In my experiments, I start from the basics: I introduce architectural modifications at the initial stage, meaning we train a compressed model from scratch. While ambitious, this approach has a major downside: training from scratch requires hardware resources I cannot provide on my own. Therefore, I try to take every available opportunity; currently, I am experimenting with JAX and training models on TPUs through the Google TPU Research Cloud program. A second downside is that we don’t know what to expect from such a model - specifically, whether it will be competitive against its larger counterparts.

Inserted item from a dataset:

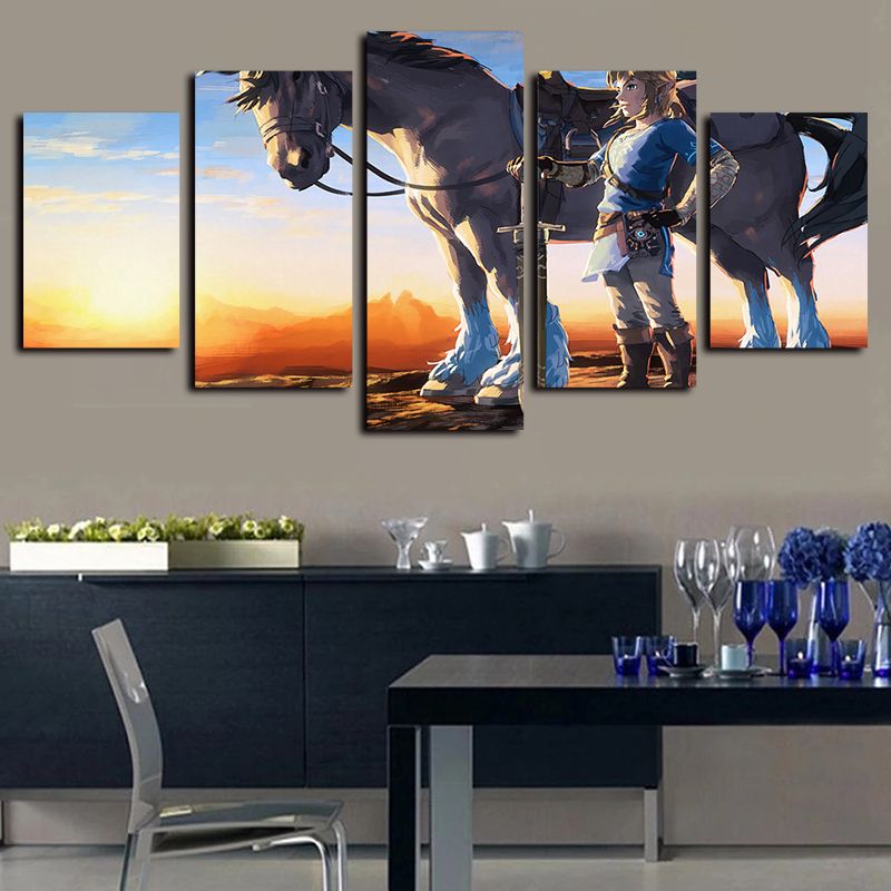 2020 5 Panels Horse Link The Legend Of Zelda Breath Of The Wild Canvas Wall Art For Kid Wall Decor Poster Canvas Print From Home Textiles 14 94 Dhgate Com

But let’s get back to the compression method I’m using in this architecture, which is over 4 years old (the current version has only been updated with a newer attention module).
Why?
My experiments show that we don’t need such a large amount of information (a large vector) in the decoder layer (attention + MLP), whereas we do need it in the embedding layer and the prediction head. Passing information through a convolutional layer + average pooling reduces this vector by 9 times in the ConvGPT checkpoint I have shared.
How does it work?
First, we initialize the model with an embedding dimension (hidden size in the architecture) of 1296, while the rest of the network operates on an input vector of size 144 (the transformer dimension). The transformer dimension is calculated as follows:
self.emb_dim_factor = int(math.sqrt(self.hidden_size))
if self.emb_dim_factor**2 != self.hidden_size:
raise ValueError(
f"hidden_size ({self.hidden_size}) must be a perfect square. Got {math.sqrt(self.hidden_size)} as sqrt."
)
self.emb_factor = int(math.sqrt(self.emb_dim_factor)) // 2
self.transformer_dim = int(
self.hidden_size / (self.emb_factor * self.emb_factor)
)
Think of this process as “zipping” a file or creating a thumbnail from a high-resolution image before doing the heavy work.

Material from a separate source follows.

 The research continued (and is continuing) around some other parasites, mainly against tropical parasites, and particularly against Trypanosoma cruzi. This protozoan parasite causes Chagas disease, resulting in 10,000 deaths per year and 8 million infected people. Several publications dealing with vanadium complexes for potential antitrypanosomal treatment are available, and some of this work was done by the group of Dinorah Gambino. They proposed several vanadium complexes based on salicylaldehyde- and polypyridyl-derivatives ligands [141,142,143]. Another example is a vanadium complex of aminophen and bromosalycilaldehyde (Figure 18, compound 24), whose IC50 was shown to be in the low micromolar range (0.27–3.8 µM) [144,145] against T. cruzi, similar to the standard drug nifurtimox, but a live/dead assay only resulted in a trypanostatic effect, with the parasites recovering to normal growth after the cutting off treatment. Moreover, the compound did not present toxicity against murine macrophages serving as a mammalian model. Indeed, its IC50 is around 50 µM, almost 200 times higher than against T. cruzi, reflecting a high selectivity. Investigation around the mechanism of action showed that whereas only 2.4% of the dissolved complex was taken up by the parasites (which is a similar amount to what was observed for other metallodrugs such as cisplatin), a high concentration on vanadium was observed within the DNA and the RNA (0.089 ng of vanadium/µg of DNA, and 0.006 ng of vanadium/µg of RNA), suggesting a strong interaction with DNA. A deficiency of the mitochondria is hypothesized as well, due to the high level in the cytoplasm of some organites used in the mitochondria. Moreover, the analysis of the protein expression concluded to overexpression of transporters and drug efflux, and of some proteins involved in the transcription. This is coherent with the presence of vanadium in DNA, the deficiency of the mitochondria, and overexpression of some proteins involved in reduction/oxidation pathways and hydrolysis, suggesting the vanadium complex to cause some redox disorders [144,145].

Here is the step-by-step breakdown of what the math is actually doing conceptually:
1. The “Square” Logic (Reshaping)
The code insists that hidden_size (1296) must be a perfect square.
Intuition: It treats the data not as a long list of numbers (a vector), but as a 2D Grid (an image).
The Math:
\(\sqrt{1296} = 36\).
The Visual: Instead of a line of 1,296 numbers, the model sees a 36x36 pixel image for every single word (token).

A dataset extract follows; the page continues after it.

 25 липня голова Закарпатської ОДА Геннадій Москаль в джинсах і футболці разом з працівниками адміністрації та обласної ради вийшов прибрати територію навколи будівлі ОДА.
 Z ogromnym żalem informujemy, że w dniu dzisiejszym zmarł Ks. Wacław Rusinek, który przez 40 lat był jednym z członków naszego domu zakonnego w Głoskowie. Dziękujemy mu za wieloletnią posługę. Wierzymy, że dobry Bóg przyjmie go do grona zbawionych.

2. The Scaling Factor (The Compression Ratio)
The code calculates emb_factor.
The Math: It takes the square root of 36 (which is 6) and divides by 2, resulting in 3.
Intuition: This
3is your compression block size. It means the model is going to look at 3x3 blocks of the grid and summarize them into a single point.
3. The Result (Transformer Dim)
Finally, it calculates the transformer_dim.
The Math:
\(1296 / (3 \times 3) = 144\)The Visual:
You start with a 36x36 grid (1296 points).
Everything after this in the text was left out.